Go to the line in the entries below that holds "Lyrics of Chahat" and repeat exactly from there through the line that holds "江蘇省泰州市總工會泰州市五一", inclusive.

» **Data provided**
****************
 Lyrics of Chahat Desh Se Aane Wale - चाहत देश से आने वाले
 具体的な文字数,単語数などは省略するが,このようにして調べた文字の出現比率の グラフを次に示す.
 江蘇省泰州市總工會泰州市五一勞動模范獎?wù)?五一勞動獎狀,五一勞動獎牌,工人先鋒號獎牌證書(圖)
****************
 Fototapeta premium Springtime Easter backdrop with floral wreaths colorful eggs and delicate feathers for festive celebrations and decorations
****************
» **Task result**
 Lyrics of Chahat Desh Se Aane Wale - चाहत देश से आने वाले
 具体的な文字数,単語数などは省略するが,このようにして調べた文字の出現比率の グラフを次に示す.
 江蘇省泰州市總工會泰州市五一勞動模范獎?wù)?五一勞動獎狀,五一勞動獎牌,工人先鋒號獎牌證書(圖)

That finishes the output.